━━ Data to examine

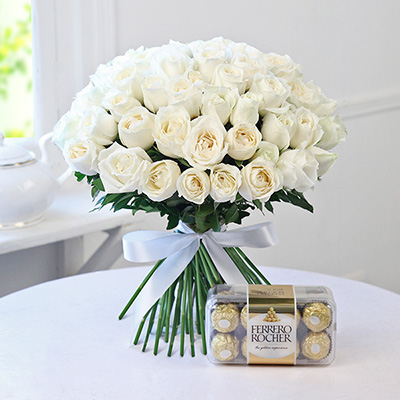 White Roses With Ferrero Rocher
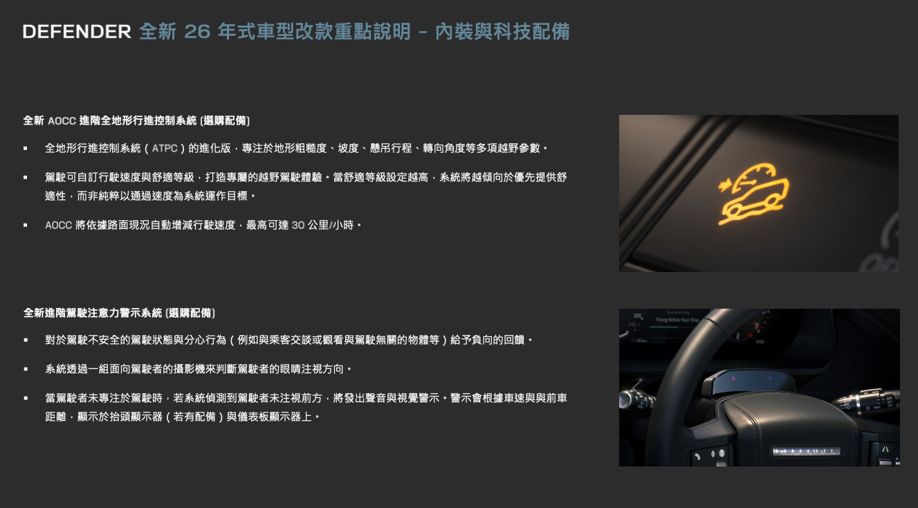 - 領航版優惠升級專屬配備* : 首發限定的全新 26 年式 Defender 領航版,提供限量配備升級優惠,加價 9 萬元即可享有最高價值超過 20 萬元的豐富選購配備:包含抬頭顯示器、Meridian™ 環繞音響系統、電子主動式後軸差速器、水深偵測系統、三區恆溫空調、空氣品質偵測功能、進階車室負離子系統與行李廂電源插座等廣受 Defender 車主喜愛之選配項目。 (*升級配備依據車款選擇有所不同。)
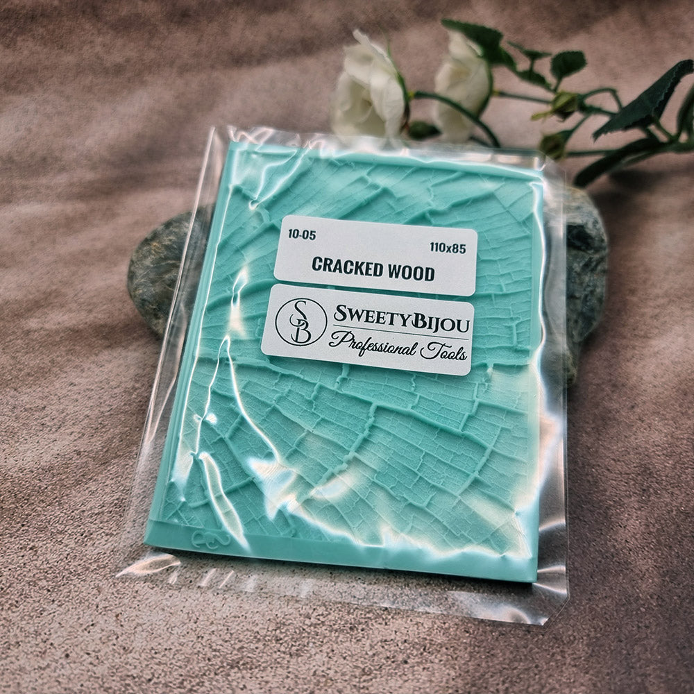 This handmade silicone texture creates a detailed “cracked wood” pattern with clean, crisp impressions. The flexible silicone does not require a release agent and is easy to use, especially with soft polymer clay. The texture can be baked at 150°C (302°F) and works well with all major clay brands.
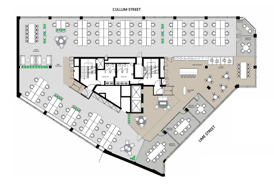 34 Lime Street offers modern, refurbished accommodation in the heart of the City's insurance district. We have refurbished the 4th floor to provide a fully fitted plug and play office space, benefitting from 5 meeting rooms, 70 open plan desks as well as various breakout and hot desking areas. The building also benefits from cycle storage and end of trip facilities.
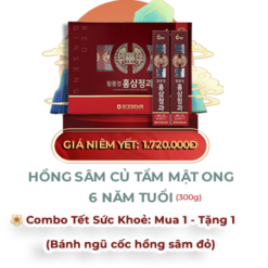 – Hồng sâm 6 năm tuổi – Mật ong Trọng lượng: 300g

━━━━

**Assignment**: I would like the exact lines from the data above, starting with the one that holds "- 領航版優惠升級專屬配備* : 首發限定的全新" and going on through the one that holds "This handmade silicone", without the pictures.

**Exercise output**:
 - 領航版優惠升級專屬配備* : 首發限定的全新 26 年式 Defender 領航版,提供限量配備升級優惠,加價 9 萬元即可享有最高價值超過 20 萬元的豐富選購配備:包含抬頭顯示器、Meridian™ 環繞音響系統、電子主動式後軸差速器、水深偵測系統、三區恆溫空調、空氣品質偵測功能、進階車室負離子系統與行李廂電源插座等廣受 Defender 車主喜愛之選配項目。 (*升級配備依據車款選擇有所不同。)
 This handmade silicone texture creates a detailed “cracked wood” pattern with clean, crisp impressions. The flexible silicone does not require a release agent and is easy to use, especially with soft polymer clay. The texture can be baked at 150°C (302°F) and works well with all major clay brands.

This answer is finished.